A study of data from hundreds of soil samples taken around six old water tower sites in southern Rhode Island finds that even when lead levels on the surface are low, concentrations can sometimes be greater at depths down to a foot. The findings inform efforts to assess the effect of lead paint from old water towers on surrounding properties.
A newly published analysis of data from hundreds of soil samples from 31 properties around southern Rhode Island finds that the lead concentration in soil at the surface is not always a reliable indicator of the contamination a foot deeper. The study, led by Brown University Superfund Research Program researchers at the request of the Rhode Island Department of Health (RIDOH), informs ongoing efforts to assess the impact of the state's legacy of lead-painted water towers.
Towers all over the state, including at six sites analyzed in the study, were often coated with lead paint until the practice stopped in 1979. Over time paint could flake off onto properties below. In 2004, residents near a water tower in Westerly, known as "Site 19," learned that some local properties become contaminated, leading to investigations that highlighted differences in the standards of RIDOH and the Rhode Island Department of Environmental Management (RIDEM).

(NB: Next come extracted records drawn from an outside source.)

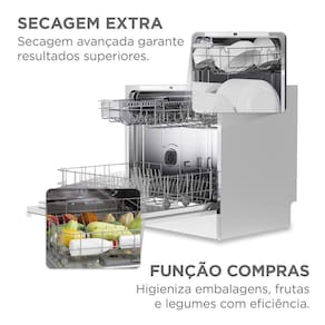 O modelo apresenta funcionalidades que priorizam a funcionalidade, permitindo programar o funcionamento conforme sua conveniência e assegurando que os itens fiquem limpos com total praticidade. Além de poupar esforço, o sistema de filtragem e os jatos de precisão trabalham em conjunto para remover resíduos de forma eficaz, proporcionando higiene e conservação para todo o seu acervo de itens culinários.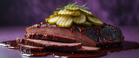 AI Generated. Flying smoked brisket with pickles and barbecue sauce on a deep purple background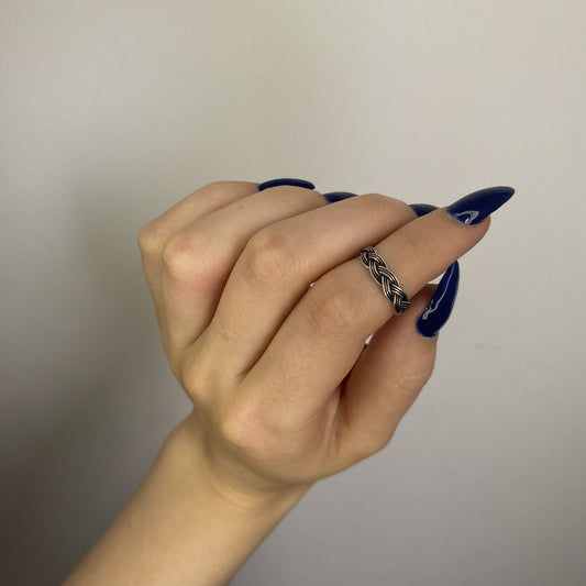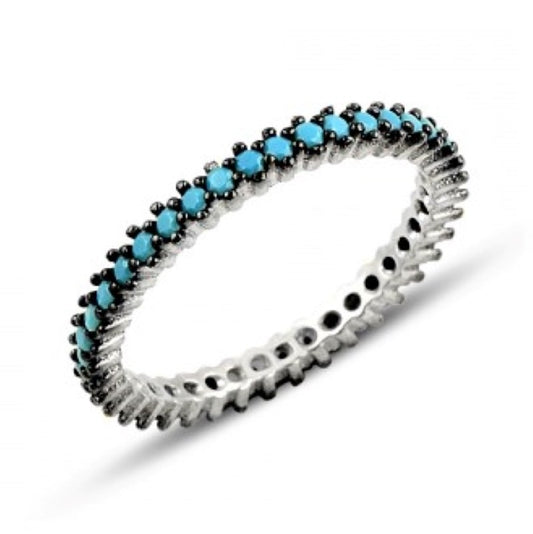 Sidabrinis 1mm žiedelis su turkio spalvos cirkoniu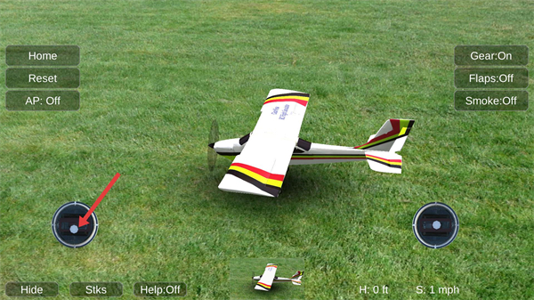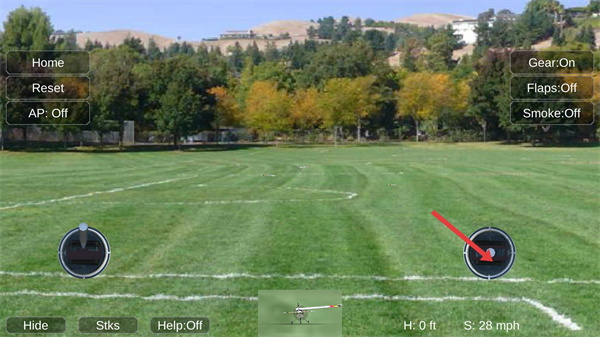 2、滑動左側搖桿調整油門,控制飛機動力輸出,這是起飛階段的核心操作,需逐步提升動力以實現平穩起飛。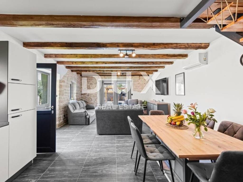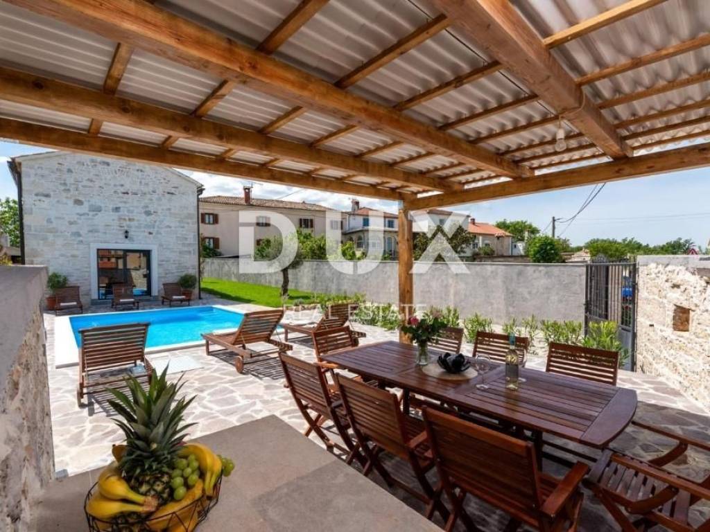 The town of Poreč, one of the most beautiful pearls of the Adriatic Sea, is located on the west coast of Istria. On the relatively small peninsula area where the city arose, traces of the meeting of the Slavic, Romanic and Germanic worlds are still clearly visible today, which at the same time bear witness to the multitude of changes - political, social and ethnic - that this Istrian town has experienced in history. The history of Poreč is a history of constant changes, movement and turmoil, the impermanence of the people, ups and downs, in which the history of new beginnings appears as a constant. This city constantly reveals traces of the life of many civilizations and cultures that built its urban and historical identity. This very charming house will satisfy many appetites in search of a new home. It is spread over a plot of 538m2 and the total area of the house is 138m2 gross. Located in an extremely quiet place in the vicinity of Poreč, it will provide peace and privacy to the new owners. Originally made of stone, and completely adapted in 2023, it is in the phase of finishing works with completely new floors, installations, carpentry, and the new layout conveys a sense of security and longevity of the house itself. The anthracite color of the woodwork, stone and in the inner part of the wooden beam is a winning combination of modern and rustic. In the finished stage of adaptation, the very moment you arrive in front of the house, you will be surprised by the swimming pool with summer kitchen, where you will spend the best moments in pleasant company during the long summer days. The house extends over two floors. On the ground floor there is a living room with a dining room that has direct access to the pool, and an open space kitchen. Below is a hallway that leads to a modern bathroom with a walk-in shower on the right, a storage room on the left that is used as a laundry room, and straight ahead to a spacious bedroom with access to the yard. From the living room we have stairs that extend to the first floor and there are two more bedrooms with ensuite bathrooms so that everyone has their own privacy. In addition, each room has a separate air conditioner for cooling, and in the winter months you will be warmed by underfloor heating, for which there is also a heat regulator in each room. A property suitable for a larger family and also with a lot of potential for tourism investment.

One key difference between the regulations is whether they require looking at depths below the soil surface to determine whether remediation is required. RIDEM requires that but RIDOH does not.

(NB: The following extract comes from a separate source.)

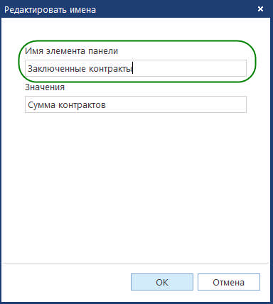 Чтобы задать название заголовка элемента дашборда перейдите в меню элемента дашборда
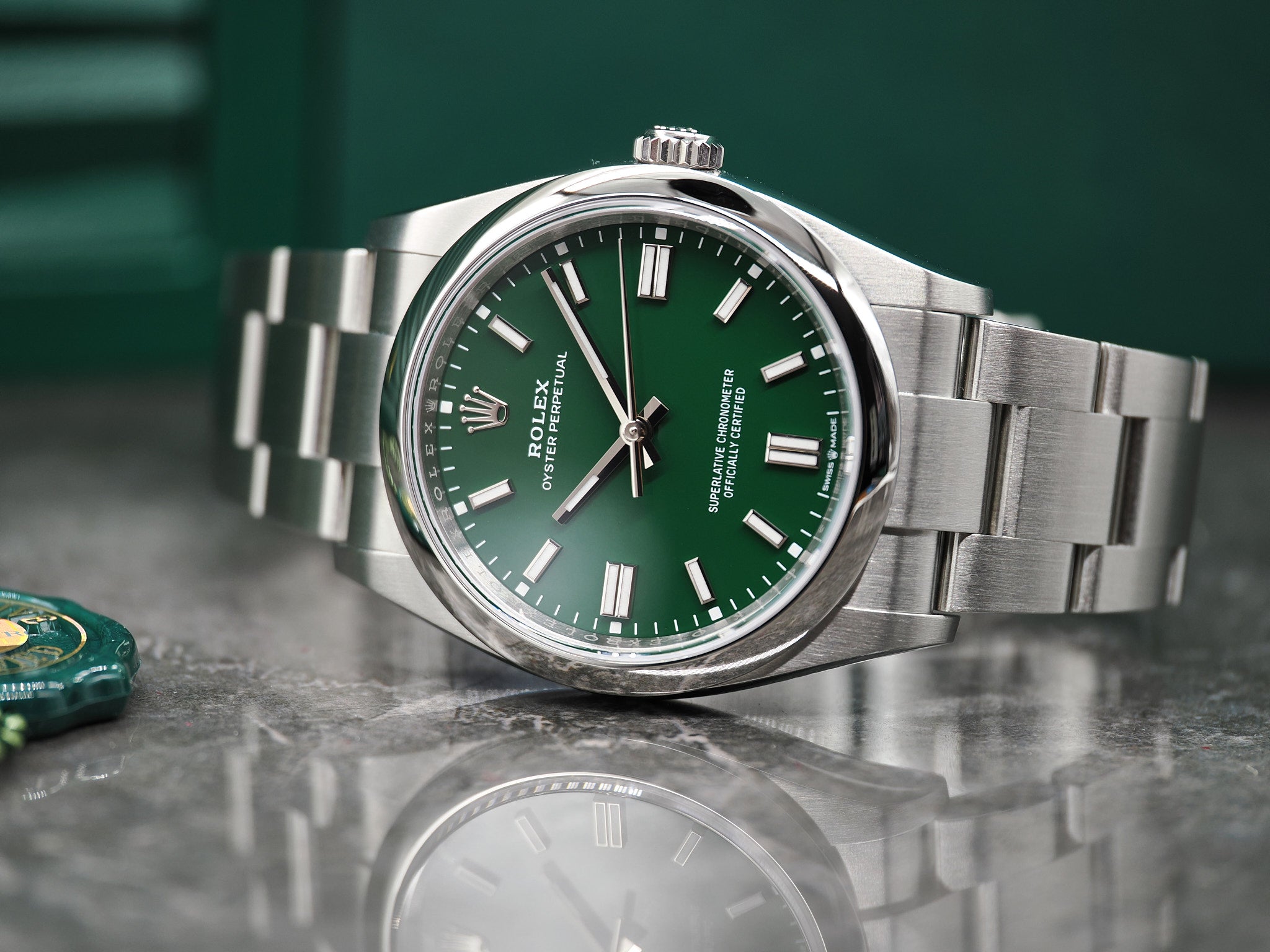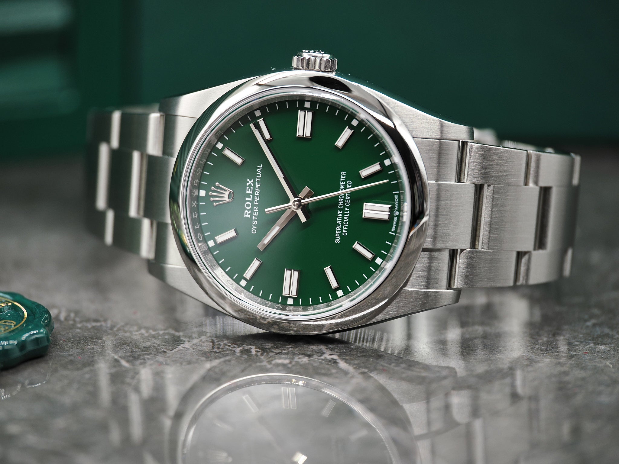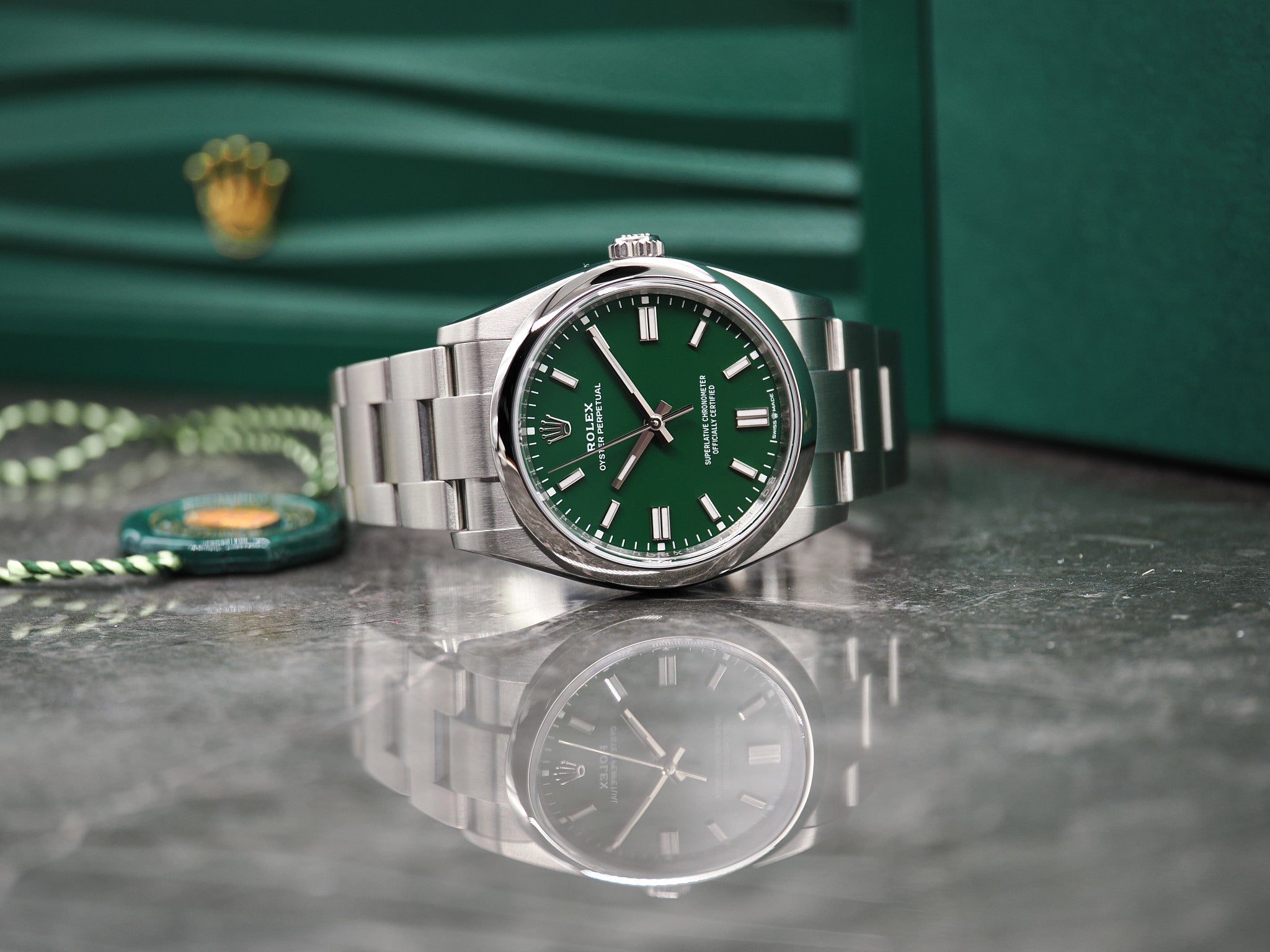 Rolex Oyster Perpetual Ref. 126000 mit grünen Zifferblatt im Fullset mit Erstkaufrechnung aus 11.2025.

The main finding of the new study, published in the journal Science of the Total Environment, is that solely looking at surface contamination would have missed higher lead concentrations at lower depths in soil core samples from four of the 31 properties. In other words, samples on 13 percent of the properties could have been classified by RIDOH standards as "lead-safe," when higher than lead-safe concentrations lurked either six or 12 inches beneath the surface. (RIDOH defines lead-safe as a lead concentration of more than 150 milligrams per kilogram in soil but less than 400 milligrams per kilogram).
Importantly, because multiple samples were taken on each property, no property was ever actually misclassified, according to the analysis, said lead author and Brown researcher Marcella Thompson. In all, the study considered data from 498 samples, including 348 with soil at depths of six and 12 inches.
Still, Thompson said, the findings are important because the health stakes of exposure to lead are so high. Lead exposure has known neurobehavioral and neurodevelopmental consequences for people and animals. For every 1,000 mg/kg increase in lead-soil contamination, blood lead levels can rise 1 µg/dL to 5 micrograms per deciliter, Thompson said. The greater the exposure, the greater the potential for harm, particularly to children.
"Especially when you are talking about children's health and the health of the people who live there, one mistake is one too many," Thompson said. "Better safe than sorry. If there is a potential for [misclassification] to occur, we should take the more conservative route."
A surprising finding of the study, Thompson said, was that significant amounts of lead were sometimes able to accumulate as far as 400 hundred feet from the water towers. The direction-specific patterns she and her co-authors observed suggest that wind carried paint flakes over those distances.
"In general it became rather apparent which way the wind blew," she said.
Study's origin and impact
Bob Vanderslice, toxicologist and team lead for Healthy Homes and Environment at RIDOH, said the department asked the researchers to conduct the study based on the questions posed by Westerly residents in the vicinity of the town's water tower.
Researchers suggest monitoring contamination by taking samples at various depths -- and more than 200 feet from old water towers."Residents questioned the effectiveness of the soil sampling methodology used to investigate the contamination," he said. "Core samples up to two feet deep are used by the DEM to investigate environmental contamination. The top one inch of soil is sampled by the Department of Health to investigate lead contamination of residential properties that pose risks of childhood lead poisoning."
Now that the study is done, Vanderslice said, it confirms RIDEM's methodology and will inform that of RIDOH.
"The results of this study indicate that concerns about the DEM methodology were not warranted. The DEM sampling methodology correctly identified all properties that needed remediation," he said. "The study provides recommendations for the Department of Health to consider in revising its Rules and Regulations for Lead Poisoning Prevention, including to evaluate soil standards to ensure that they protect children from reaching blood levels of five micrograms per deciliter, the more recently adopted level of concern, and to ensure that the sampling methodology adequately addresses the possibility that surface soil samples may not identify lead hazards at depth." Thompson said the study provides a good example of how policies such as those of RIDOH, which are informed by sound scientific evidence and theory, can still be further informed by real-world field assessment, a process called "practice-based evidence."
The study's recommendations for future contamination monitoring efforts in Rhode Island include sampling soil at multiple depths and farther away than 200 feet, depending on prevailing winds and tower height. The authors also call for state agencies to sample from properties around other old water towers, to adopt more uniform definitions of terms, and to update standards to reflect new stricter exposure guidelines from the U.S. Centers for Disease Control and Prevention.
In addition to Thompson, other authors on the paper are Kim Boekelheide, professor of pathology and laboratory medicine at Brown, and University of Rhode Island nursing student Andrea Burdon.
The National Institutes of Health National Institute of Environmental Health Sciences fund the Brown University Superfund Research Program with grant P42-ES013660.